> _Task brief_:
Reproduce the lines below verbatim. Pictures are to be omitted.

> _Dataset excerpt_:

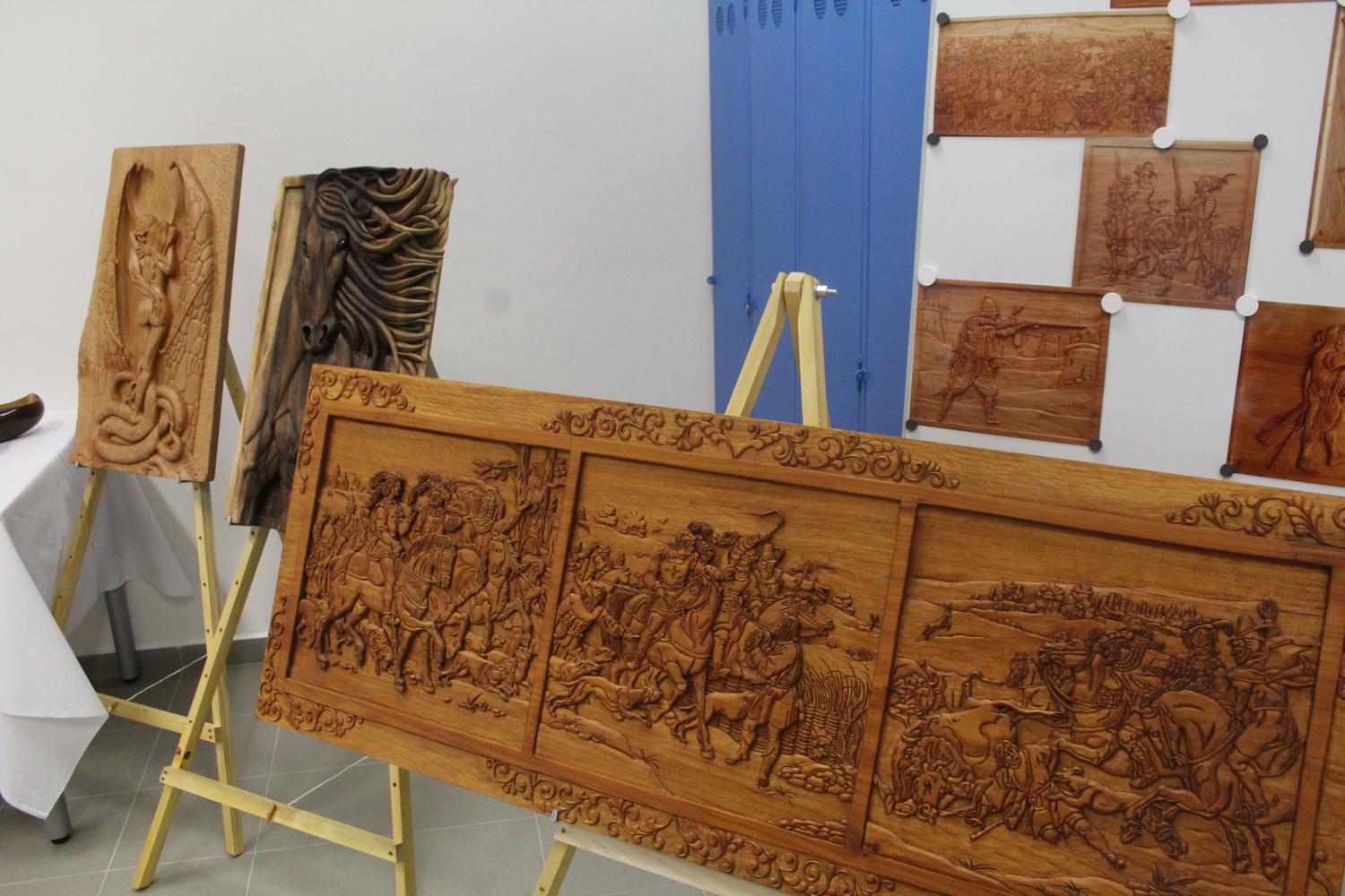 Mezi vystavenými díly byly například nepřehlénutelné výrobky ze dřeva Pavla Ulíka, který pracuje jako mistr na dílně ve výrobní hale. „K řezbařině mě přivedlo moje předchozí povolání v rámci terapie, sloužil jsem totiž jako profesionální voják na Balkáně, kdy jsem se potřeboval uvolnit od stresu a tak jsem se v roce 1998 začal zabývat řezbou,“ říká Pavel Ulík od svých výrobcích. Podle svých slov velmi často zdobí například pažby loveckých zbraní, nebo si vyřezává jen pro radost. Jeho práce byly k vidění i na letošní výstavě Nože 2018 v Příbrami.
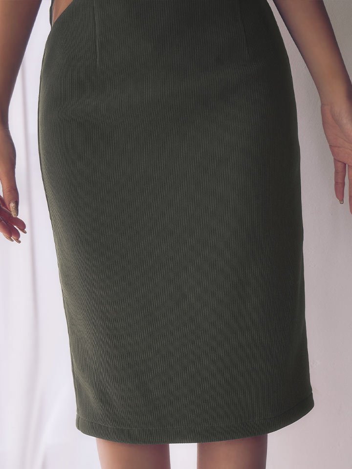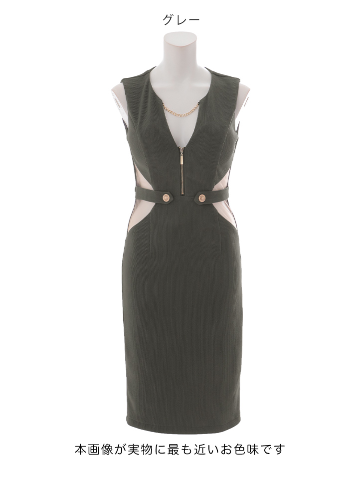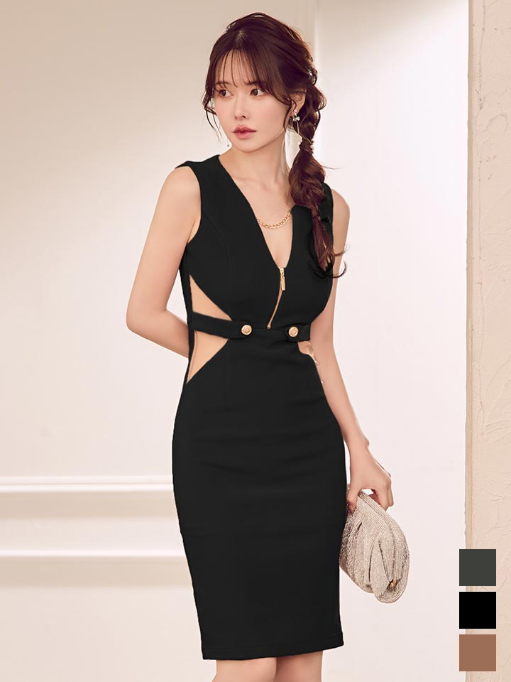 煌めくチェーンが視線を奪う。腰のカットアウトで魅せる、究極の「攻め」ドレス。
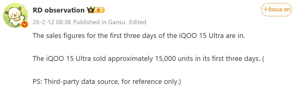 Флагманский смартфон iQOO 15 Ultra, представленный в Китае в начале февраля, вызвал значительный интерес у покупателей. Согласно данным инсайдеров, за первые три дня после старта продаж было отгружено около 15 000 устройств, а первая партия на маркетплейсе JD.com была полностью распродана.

> _Answer box_:
 Mezi vystavenými díly byly například nepřehlénutelné výrobky ze dřeva Pavla Ulíka, který pracuje jako mistr na dílně ve výrobní hale. „K řezbařině mě přivedlo moje předchozí povolání v rámci terapie, sloužil jsem totiž jako profesionální voják na Balkáně, kdy jsem se potřeboval uvolnit od stresu a tak jsem se v roce 1998 začal zabývat řezbou,“ říká Pavel Ulík od svých výrobcích. Podle svých slov velmi často zdobí například pažby loveckých zbraní, nebo si vyřezává jen pro radost. Jeho práce byly k vidění i na letošní výstavě Nože 2018 v Příbrami.
 煌めくチェーンが視線を奪う。腰のカットアウトで魅せる、究極の「攻め」ドレス。
 Флагманский смартфон iQOO 15 Ultra, представленный в Китае в начале февраля, вызвал значительный интерес у покупателей. Согласно данным инсайдеров, за первые три дня после старта продаж было отгружено около 15 000 устройств, а первая партия на маркетплейсе JD.com была полностью распродана.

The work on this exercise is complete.